After doing this, maxCones will contain the maximum number of cones that can actually be filled, and if it is> = 1, then fill[1] through fill[maxCones] will contain the corresponding sequence of maxCone cone identifiers (positions in the sorted sequence), and the total time necessary for this will be in bestTime .
Possible improvements
The above algorithm solves the problem optimally only if it is limited that the dispenser never moves back too fast. In practice, this can be quite restrictive: for example, a cone model similar to the following
XXXX XXXX
will cause the distributor to make a long vertical stroke between each cone filled with it (provided that he can fill all of them). Filling several cones on one line and only then moving to another line will save a lot of time.
The difficulty of solving the problem optimally without the restriction above is that it starts to resemble very strongly some NP-hard problems, such as the Euclidean TSP problem. I don’t have time to look for a formal abbreviation, but I’m sure that the unlimited version of your problem is NP-hard, so the best we can hope to do with the polynomial time algorithm is to look for a good heuristic. For this purpose:
The DP solution above basically finds for each cone i the best way to fill the j cones as a whole, ending on the cone i and using only the other cones to the left of it. We can solve a slightly more general problem by breaking the sorted sequence of cones into adjacent blocks of b cones, and then finding for each cone I’m the best way to fill j cones in the sum that ends on cone i and use only cones that are either (a) in the earlier block (these cones should be to the left of i), or (b) in the same block as I (these cones are not necessary). The only solutions that are not taken into account in this approach are those that require us to fill the cone in some block, and then fill the cone in an earlier block (this includes, in particular, all the solutions in which we fill the cone in some block, cone into another block, and then another cone in the first block - at least one of the two movements between the blocks must be moved to the previous block).
Obviously, if we choose b = n, then this will find a common optimum (in a million years), but b should not be somewhere close to this large in order to get the optimal solution. Using a variation, the O (n ^ 2 * 2 ^ n) DP algorithm to solve the TSP to help calculate the optimal paths inside the block, choosing b = 10, say, would be quite feasible.
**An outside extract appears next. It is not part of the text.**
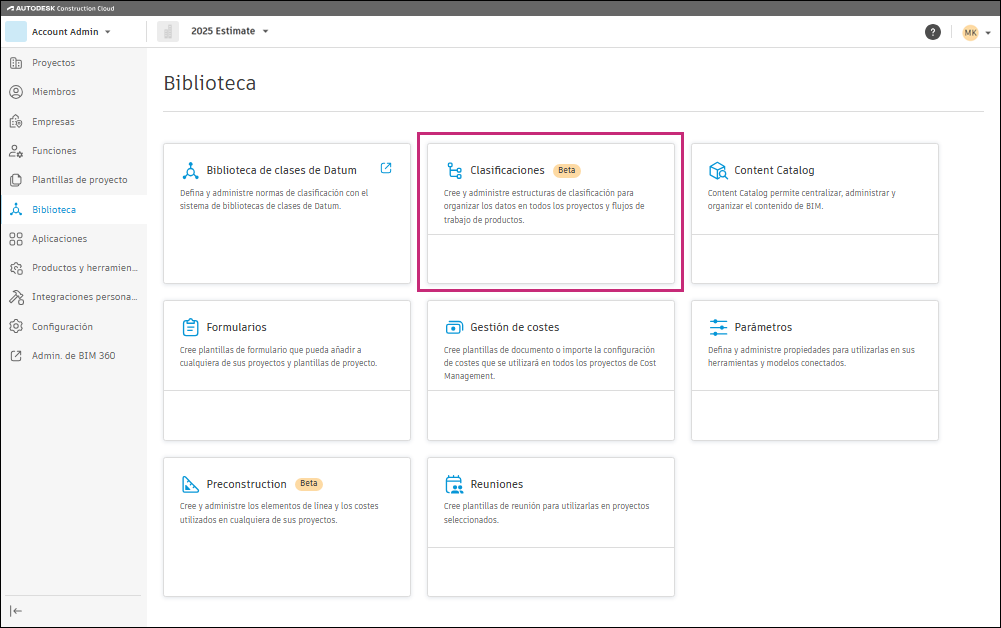La administración de estructuras de clasificación para su cuenta en la Biblioteca permite estandarizar y reutilizar códigos en todos los proyectos y plantillas de proyecto.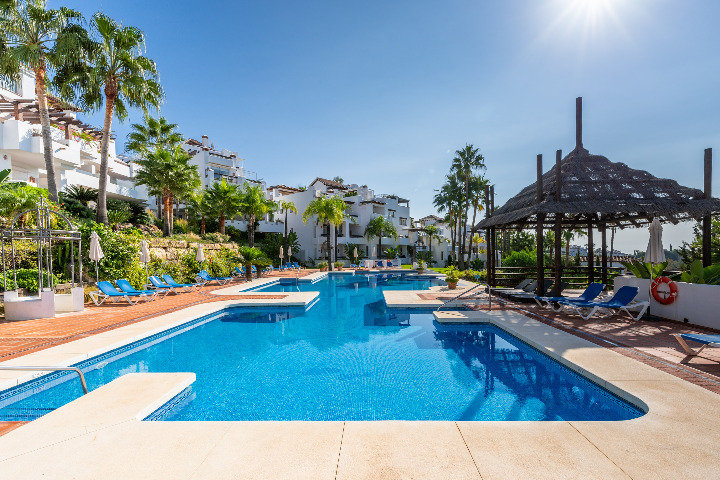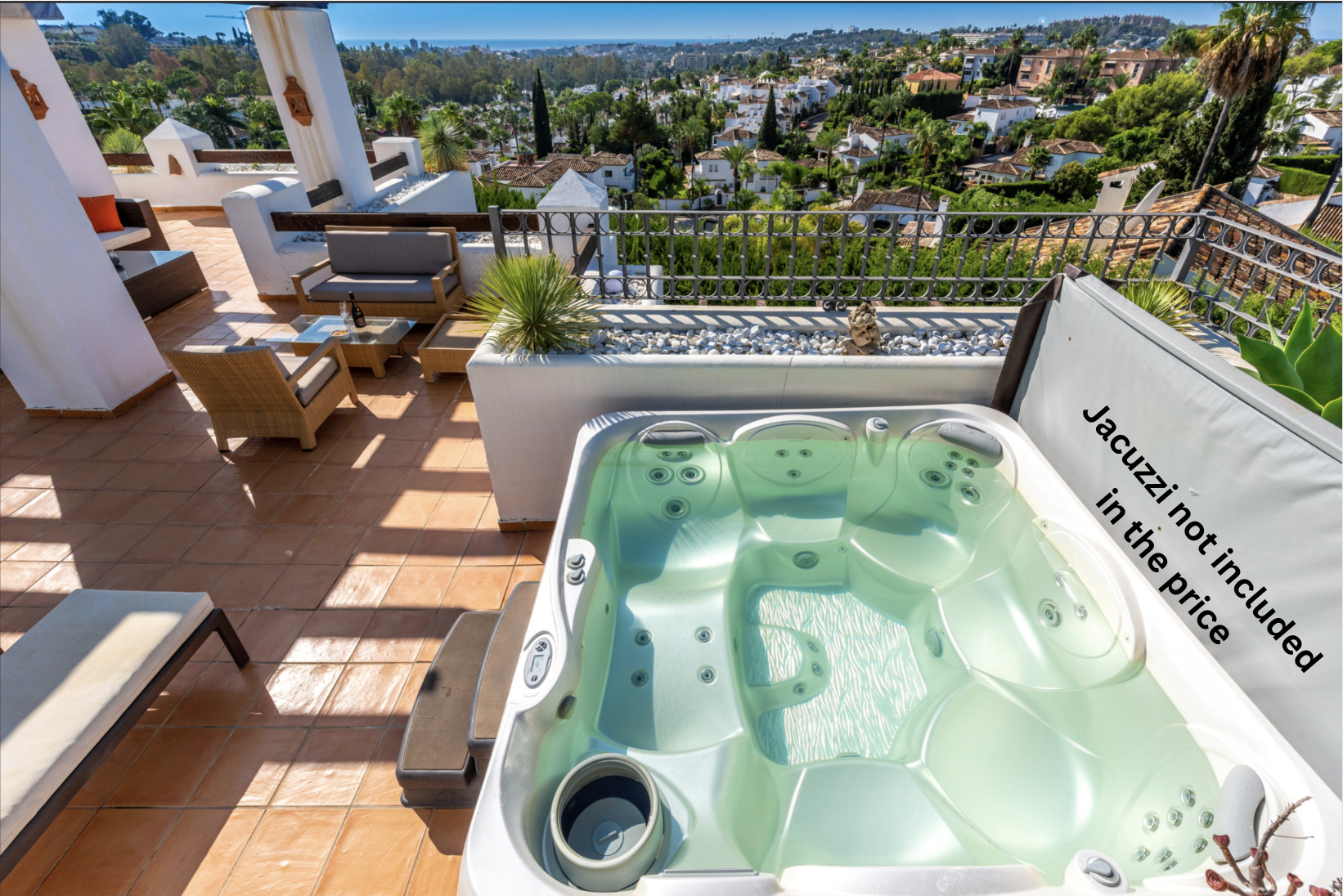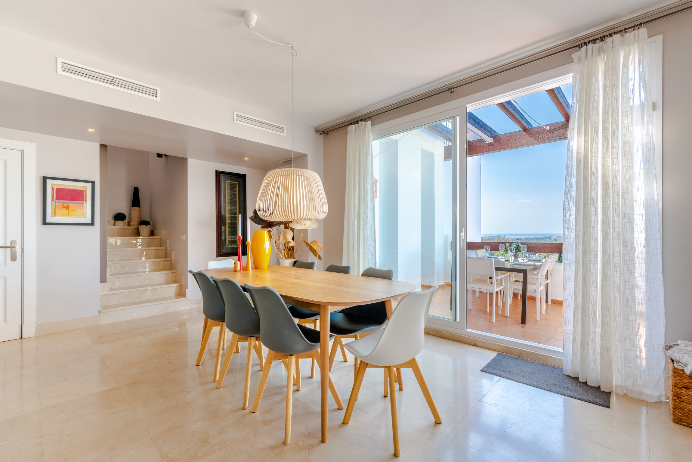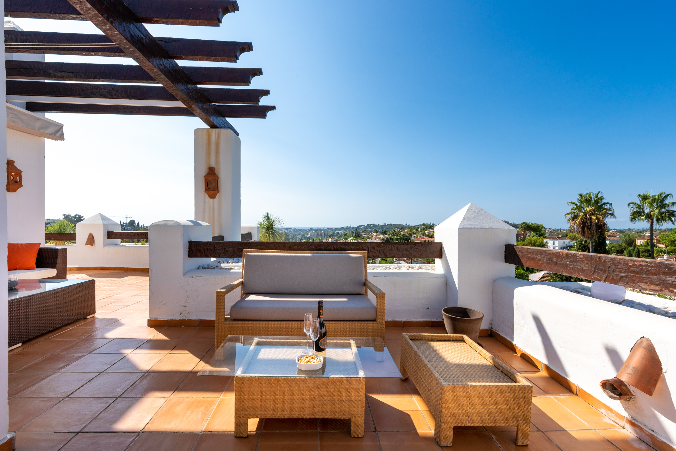 Bem-vindo a este elegante duplex a poucos minutos de Marbella e Puerto Banús. Com 180 m² de área interior, duas grandes varandas e vistas panorâmicas sobre o Mediterrâneo, as montanhas e as colinas verdes de Nueva Andalucía, é o local ideal para relaxar e explorar.

Another assumption is that instead of fixing the block size to exactly b, the cones at first could be more reasonably divided into blocks of size no more than b, that is, in such a way that the (unknown) optimal solution rarely had to fill the cone in previous block. In fact, provided that it is possible to heuristically evaluate the “quality” of a breakpoint (for example, using the minimum distance between any pair of points in 2 blocks), calculating a lock pattern that maximizes the estimate can be easily performed during O (bn) using (other) DP!